▸ Data records:
BEGIN

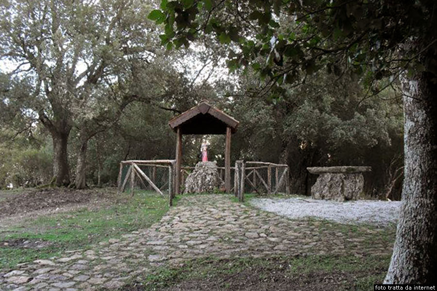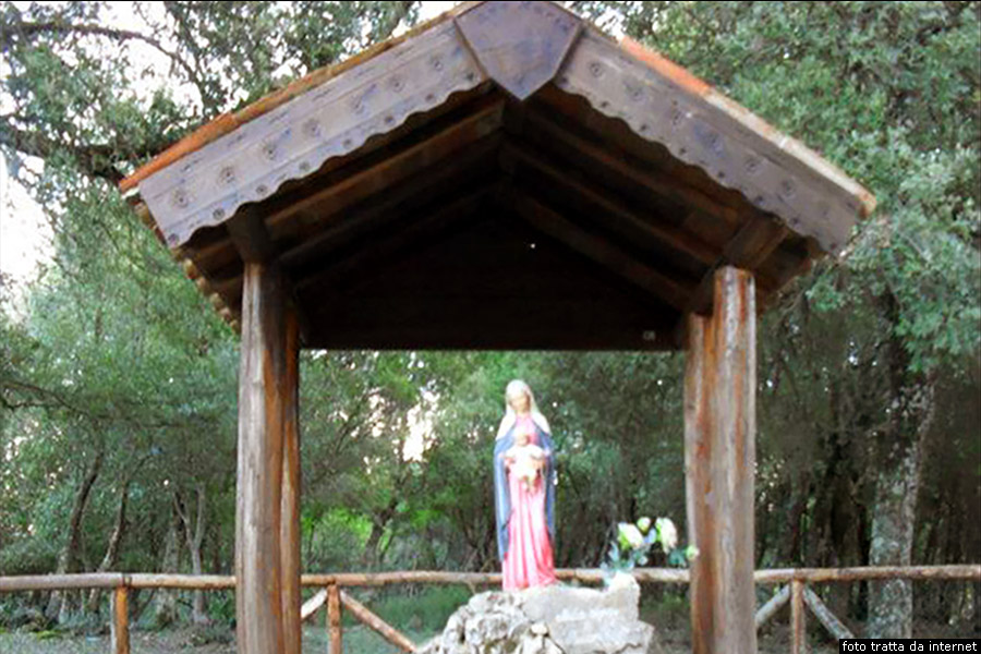 Presto questa Cappella si svolge ogni anno, il 4 dicembre, la suggestiva celebrazione della Festa di Santa Barbara, a cui partecipa tutta la popolazione. La Cappella dedicata alla Nostra Signora di BauzzoniRiprendendo la strada che ci ha portato a Funtana Raminosa, la seguiamo per tre chilometri e ottocento metri, poi svoltiamo a sinistra in una strada bianca che, dopo un paio di chilometri, ci porta alla piccola Cappella dedicata alla Madonna di Bauzzoni. Si tratta di una piccola Cappella costituita da quattro pali in legno che sostengono una copertura a capanna, anch’essa in legno. Sotto la copertura è presente la statua della Madonna.
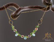 Halskette mit grossen Barock Perlen Peridot und Prehnit Tropfen
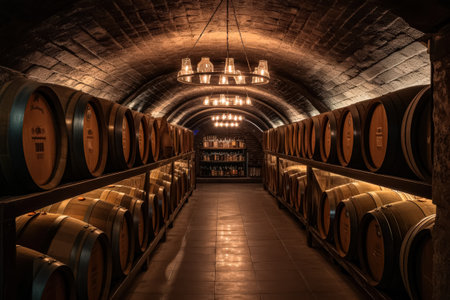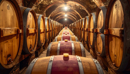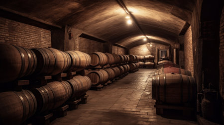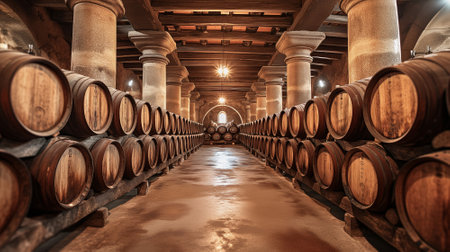 Aged Wine Barrels in Historic Stone Cellar with Illuminated Corridors
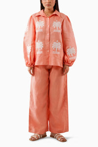 Discover the beauty in the details with our Palm Drift Co-ord Set – a creation born from dreamy linen fabric. Its calming peach tones and intricate palm-inspired patterns will whisk you away to charming beaches and towns for the perfect vacation. It's a versatile piece with elasticised cuffs that effortlessly blend comfort and serenity, allowing you to drift through your day with bliss. Paired with the long relaxing pants, you'll achieve the ultimate laid-back yet refined workwear look.
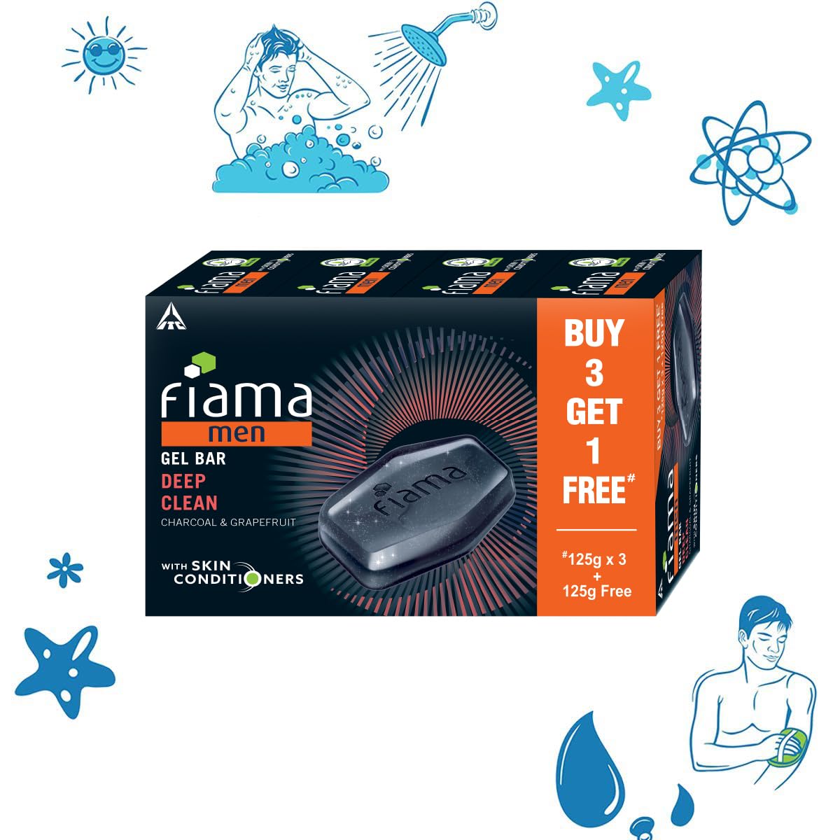 So wash away the tiredness from your body and mind and rejuvenate yourself with Fiama Men Deep Clean Gel Bathing Bar.
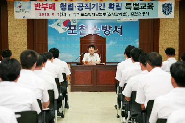 포천소방서(서장 신종훈)는 지난 7일 오전 3층 대회의실에서 소방공무원 100여명이 참석한 가운데 정부정책의 최우선 화두인 소방분야 친서민정책 및 공정한 사회를 만들기 위한 소방공무원의 역할변화를 주제로 청렴 및 친절교육 시간을 가졌다.
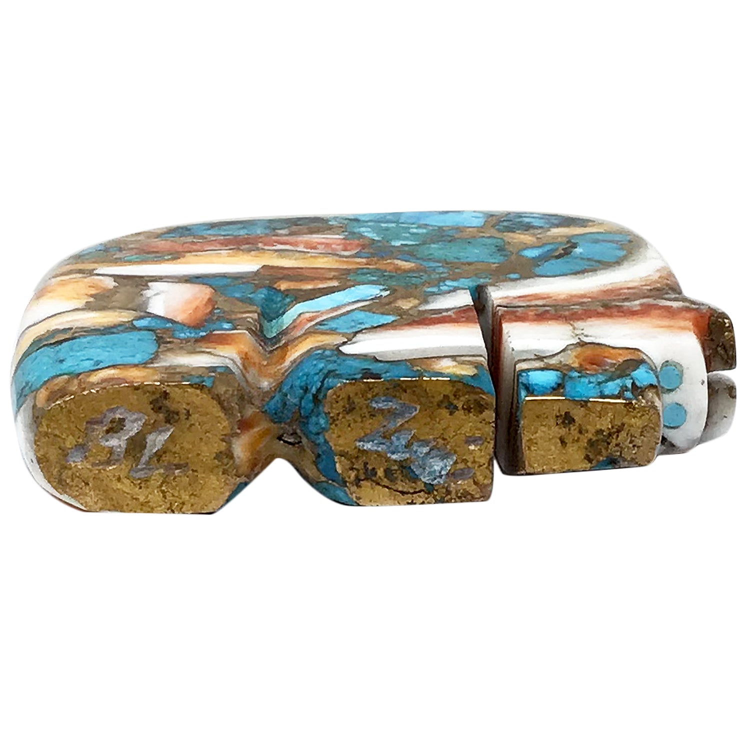 Bernard Laiwakete, Zuni Carved Fetish, Oyster, Turquoise, Bear, 2 1/4" x 2”
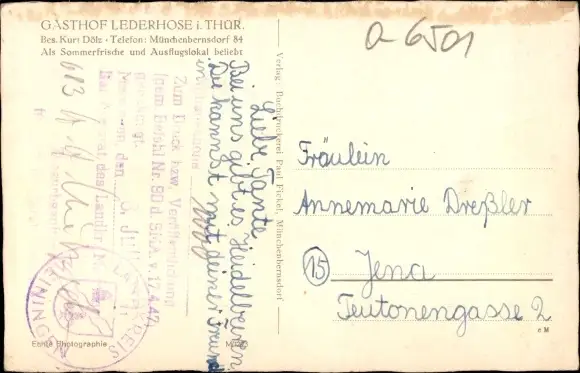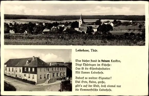 Ak Lederhose in Thüringen, Gasthof Lederhose, Totalansicht, Gedicht
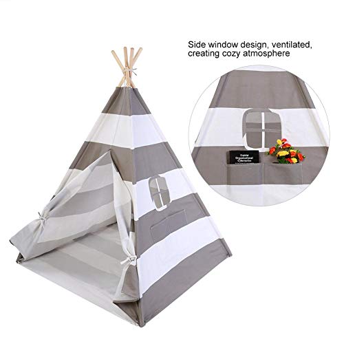 Tenda indiana per bambini Teepee, tenda indiana Wigwam per bambini Teepee portatile per giochi per esterni e interni, 120 x 120 x 145 cm (grigio + bianco)
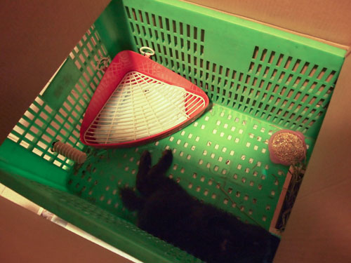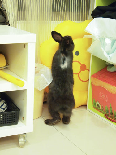 我把牠接回家 牠馬上就適應環境 後腿伸的好長好長(人家說這是兔子放鬆的樣子)
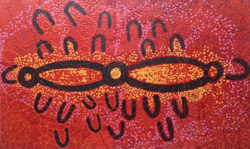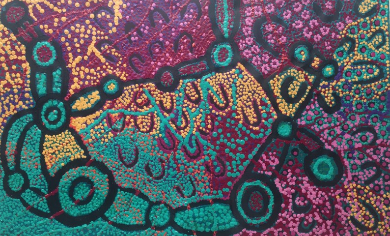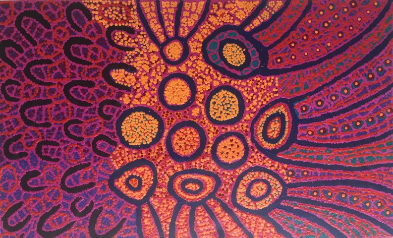 Jessie was brought up around well-known artists such as Turkey Tolson, Uta Uta Tjangala, Ronnie Tjampitjinpa, Mick Namararai Tjapaltjarri, Johnny Yungut Tjupurrula (her grandfather’s brother) and Pinta Pinta (her grandmother’s brother), who were part of the emerging Western Desert art movement. Jessie witnessed and was influenced by the great works of these artists. It was these early leaders that gave her a rare insight into the cultural perspectives of Pintupi people.
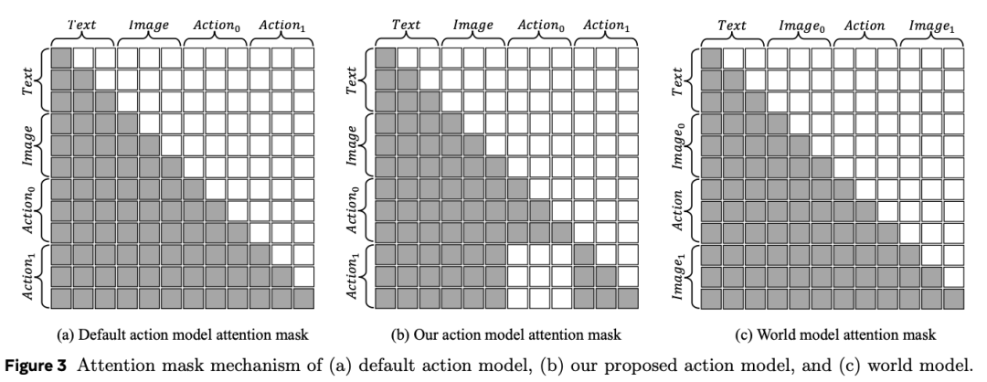 这种设计使自回归框架能够并行生成多个动作,世界模型部分则仍遵循传统的因果注意力掩码,如上图(c) 所示。
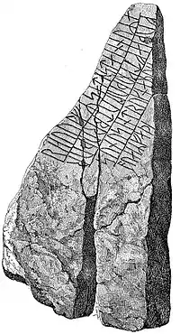 | Translitteration | rHuulfʀ sati stain nuʀa kuþi aft kuþuMut bruþursunu sin truknaþu --… ąuaiʀ faþi |
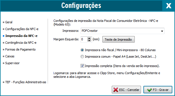 Guia Impressão da NFC-e - Permite configurar a impressora que irá efetuar a impressão dos documentos emitidos pela transmissão da NFC-e, impressora esta que deverá estar instalada no Windows. A mesma poderá ser do tipo 80 colunas, não fiscal para melhor impressão dos documentos.
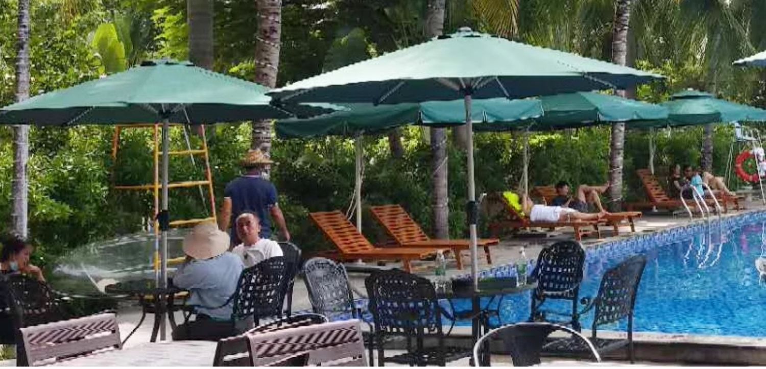 • [5세트] 물무늬유리 150*90cm 롱테이블 7종세트 + 철제 중기둥우산 2.7m (물탱크받침) 구멍있는 탁상
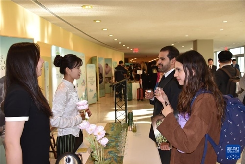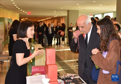 5月21日,在位于紐約的聯(lián)合國總部,人們參加“茶和天下”國際茶日展示和慶祝活動。新華社記者 王建剛 攝
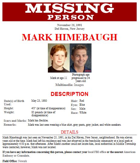 There is a man in prison in PA that was the primary suspect in Marks disappearance, supposedly a male prostitute who frequented him stated the individual in question, once showed him a video that contained Himebaugh , he confirmed it was him and that he abducted him, then reportedly told the Male prostitute, he had abducted and "disposed of" other young boys as well
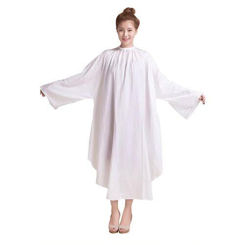 [HANA] 散髪用ケープ カットクロス 袖付しわ加工 ケープ 散髪 マント 美容室 理容室 大きい椅子対応 マジックテープ 美容院 プロ用 大人 子供 ヘアサロン セルフカット セルフカラー (ホワイト)
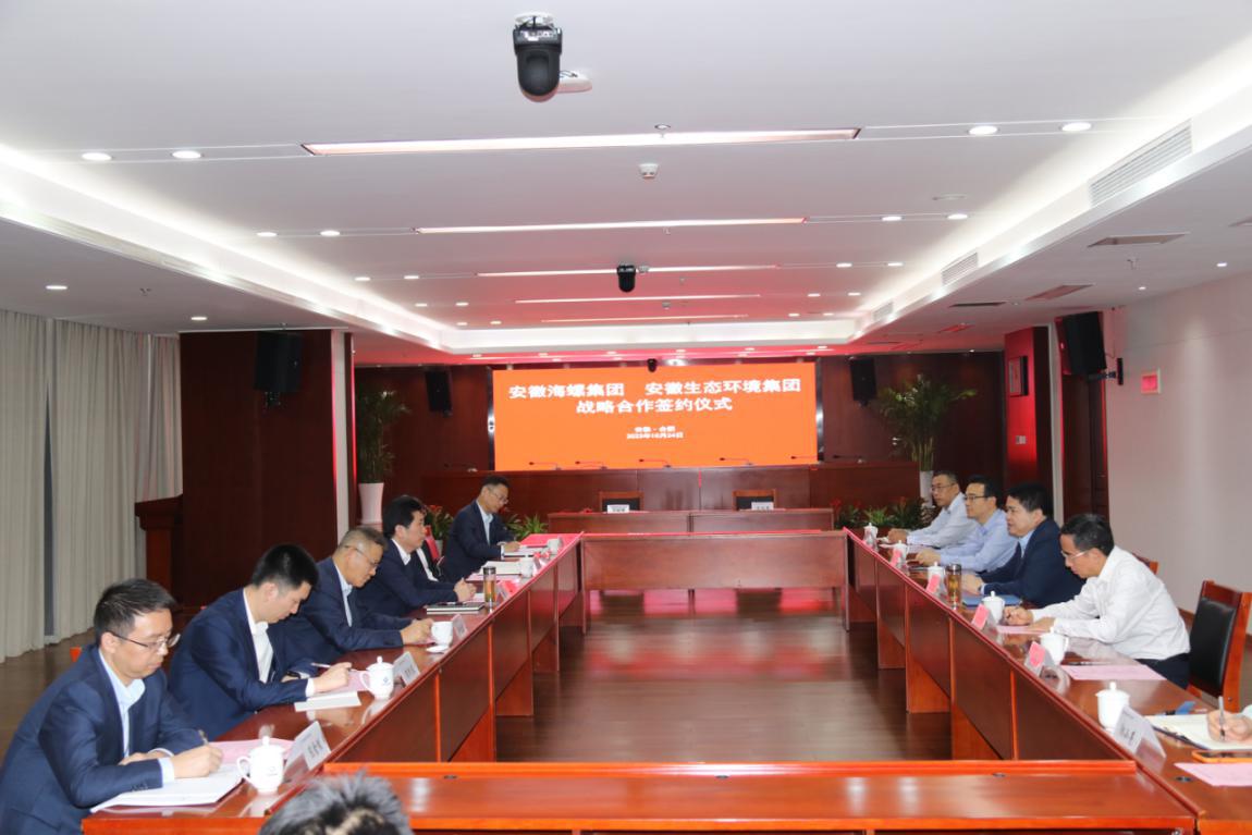 省生態(tài)環(huán)境集團(tuán)黨委委員、副總經(jīng)理王奇,海螺集團(tuán)黨委委員、副總經(jīng)理吳斌代表雙方簽署戰(zhàn)略合作協(xié)議。安徽環(huán)境科技集團(tuán)、安徽順朝公司、海螺水泥、海螺環(huán)保以及雙方有關(guān)部門負(fù)責(zé)同志參加會(huì)議。
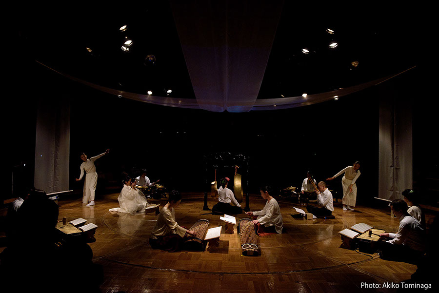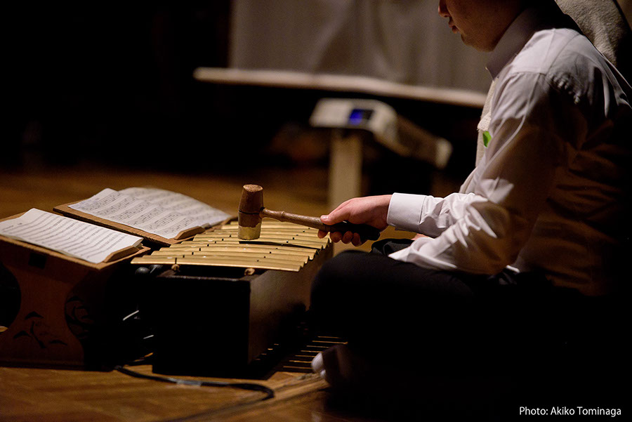 2017年12月15日(金)、現代舞楽「織・曼荼羅〜博多織の機音による」(作曲・構成|藤枝守)が終了しました。2回の公演あわせて200名ちかいお客様にお越しいただきました。
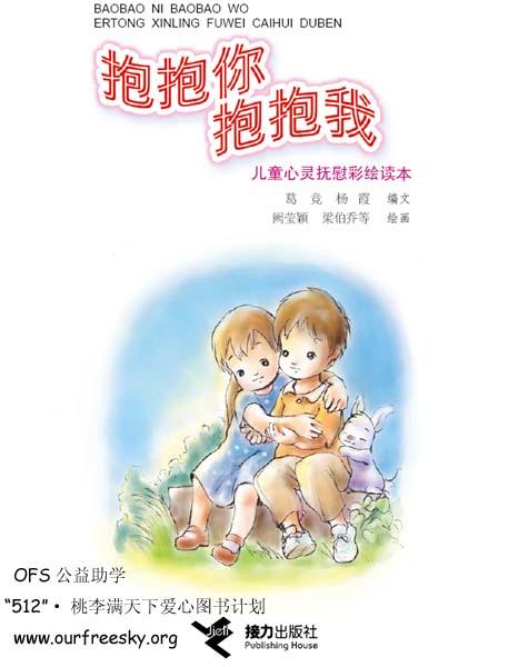 《抱抱你 抱抱我——儿童心灵抚慰彩绘读本》抚慰灾后儿童心灵,定价:10.00元,ISBN: 978-7-5448-0331-1 。经联系接力出版社发行,第一版印刷的20000册已经全部运往灾区了,如果加印需5000册以上。同时以3.41元每册的价格出售。

END

▸ To do: Begin at the line in the entries above that has "(물탱크받침) 구멍있는 탁상", stop after the line that has "2017年12月15日(金)", and output exactly those lines without pictures.

▸ Your response:
 • [5세트] 물무늬유리 150*90cm 롱테이블 7종세트 + 철제 중기둥우산 2.7m (물탱크받침) 구멍있는 탁상
 5月21日,在位于紐約的聯(lián)合國總部,人們參加“茶和天下”國際茶日展示和慶祝活動。新華社記者 王建剛 攝
 There is a man in prison in PA that was the primary suspect in Marks disappearance, supposedly a male prostitute who frequented him stated the individual in question, once showed him a video that contained Himebaugh , he confirmed it was him and that he abducted him, then reportedly told the Male prostitute, he had abducted and "disposed of" other young boys as well
 [HANA] 散髪用ケープ カットクロス 袖付しわ加工 ケープ 散髪 マント 美容室 理容室 大きい椅子対応 マジックテープ 美容院 プロ用 大人 子供 ヘアサロン セルフカット セルフカラー (ホワイト)
 省生態(tài)環(huán)境集團(tuán)黨委委員、副總經(jīng)理王奇,海螺集團(tuán)黨委委員、副總經(jīng)理吳斌代表雙方簽署戰(zhàn)略合作協(xié)議。安徽環(huán)境科技集團(tuán)、安徽順朝公司、海螺水泥、海螺環(huán)保以及雙方有關(guān)部門負(fù)責(zé)同志參加會(huì)議。
 2017年12月15日(金)、現代舞楽「織・曼荼羅〜博多織の機音による」(作曲・構成|藤枝守)が終了しました。2回の公演あわせて200名ちかいお客様にお越しいただきました。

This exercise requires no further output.